(Exercise brief) Nothing but an exact repeat of the data, with pictures removed, belongs in the answer.

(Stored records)

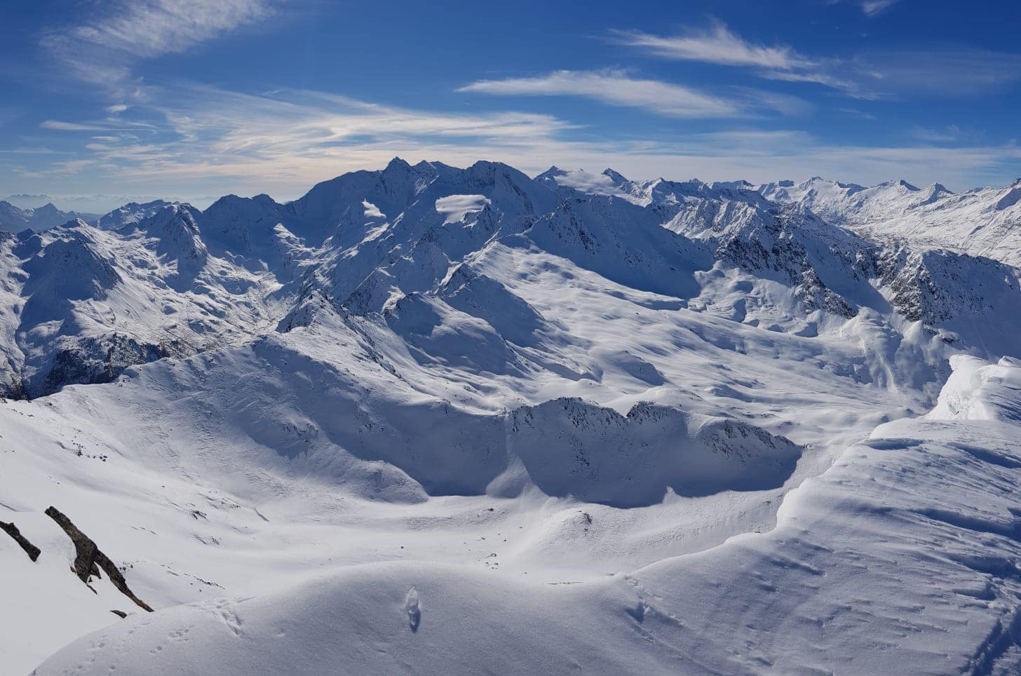 Pistentour von Untergurgl oder Obergurgl durch das Große Kar auf den Wurmkogel. Aufgrund der Höhenlage super als Vor- oder Nachsaisonstour möglich wenn kein Pistenbetrieb ist.
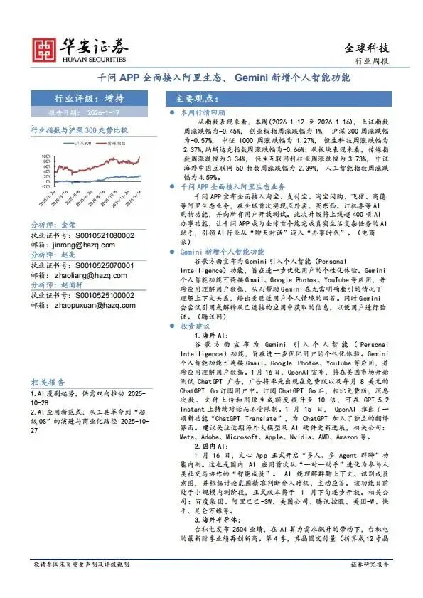 千问APP全面接入阿里生态,Gemini新增个人智能功能
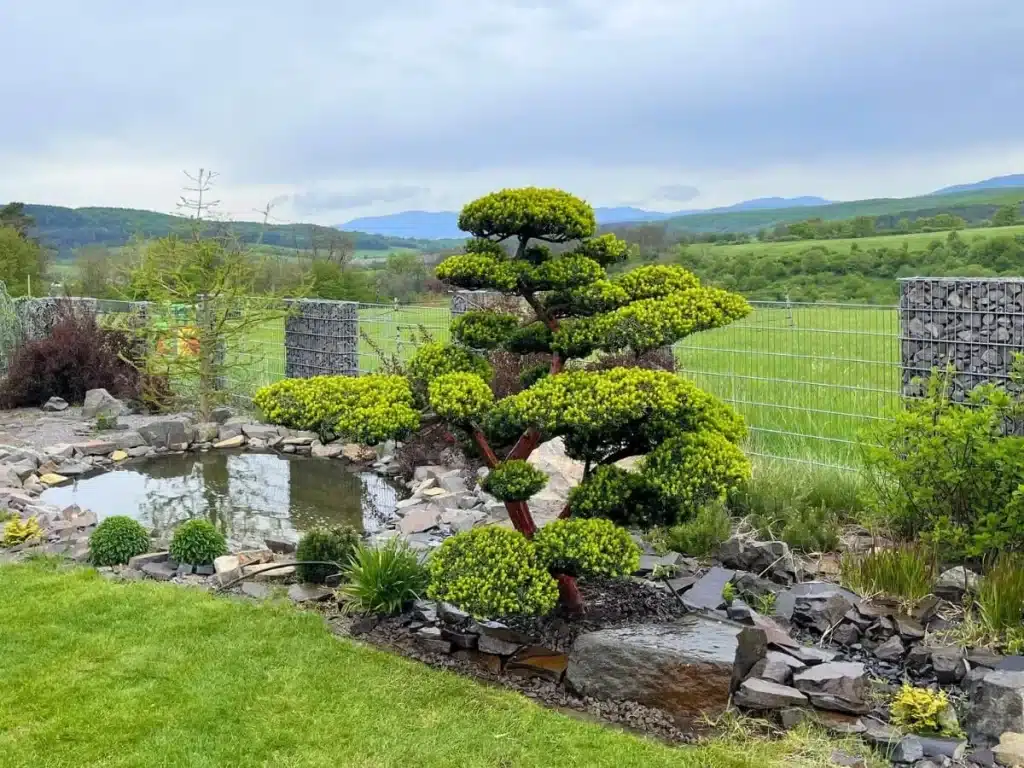 • Výhľad: Umiestnite stavby tak, aby z nich bol pekný výhľad na záhradu a jej kľúčové prvky, ako sú vodné plochy, kamene a rastliny.
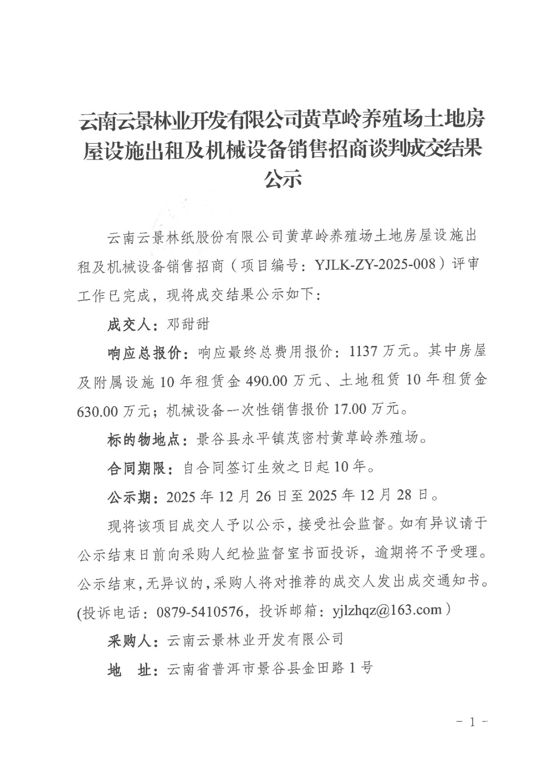 云南云景林業(yè)開發(fā)有限公司黃草嶺養(yǎng)殖場(chǎng)土地房屋設(shè)施出租及機(jī)械設(shè)備銷售招商談判成交結(jié)果公示
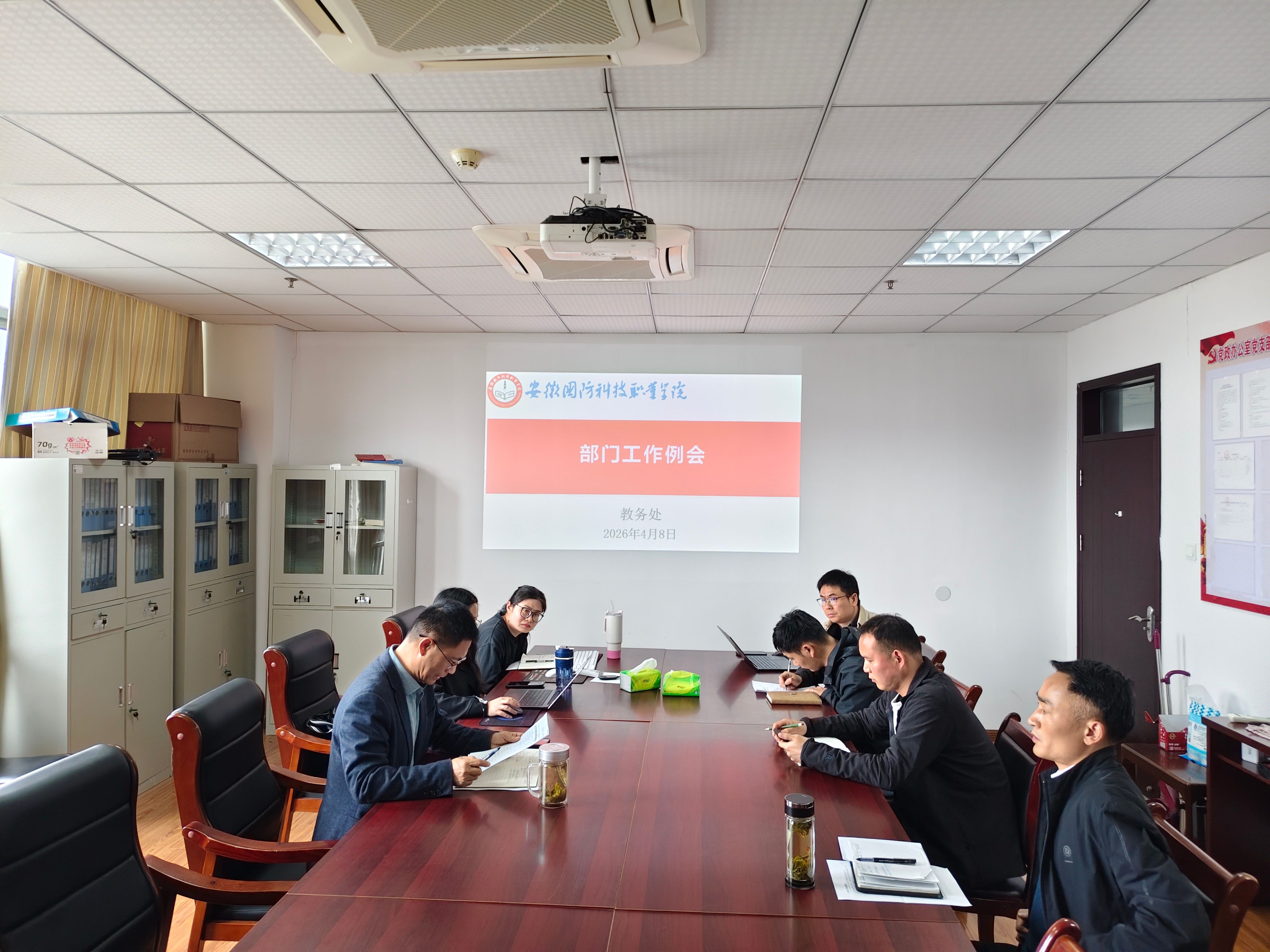 4月8日下午,教务处在秉心楼1206会议室召开部门工作例会,部门全体教职工参会。会议由教务处处长朱修传主持。会上,朱修传带领全体参会人员学习《中共安徽省委教育工委 安徽省教育厅关于印发2026年工作要点的通知》,并于与参会职工进行深入讨论。

(Answer space)
 Pistentour von Untergurgl oder Obergurgl durch das Große Kar auf den Wurmkogel. Aufgrund der Höhenlage super als Vor- oder Nachsaisonstour möglich wenn kein Pistenbetrieb ist.
 千问APP全面接入阿里生态,Gemini新增个人智能功能
 • Výhľad: Umiestnite stavby tak, aby z nich bol pekný výhľad na záhradu a jej kľúčové prvky, ako sú vodné plochy, kamene a rastliny.
 云南云景林業(yè)開發(fā)有限公司黃草嶺養(yǎng)殖場(chǎng)土地房屋設(shè)施出租及機(jī)械設(shè)備銷售招商談判成交結(jié)果公示
 4月8日下午,教务处在秉心楼1206会议室召开部门工作例会,部门全体教职工参会。会议由教务处处长朱修传主持。会上,朱修传带领全体参会人员学习《中共安徽省委教育工委 安徽省教育厅关于印发2026年工作要点的通知》,并于与参会职工进行深入讨论。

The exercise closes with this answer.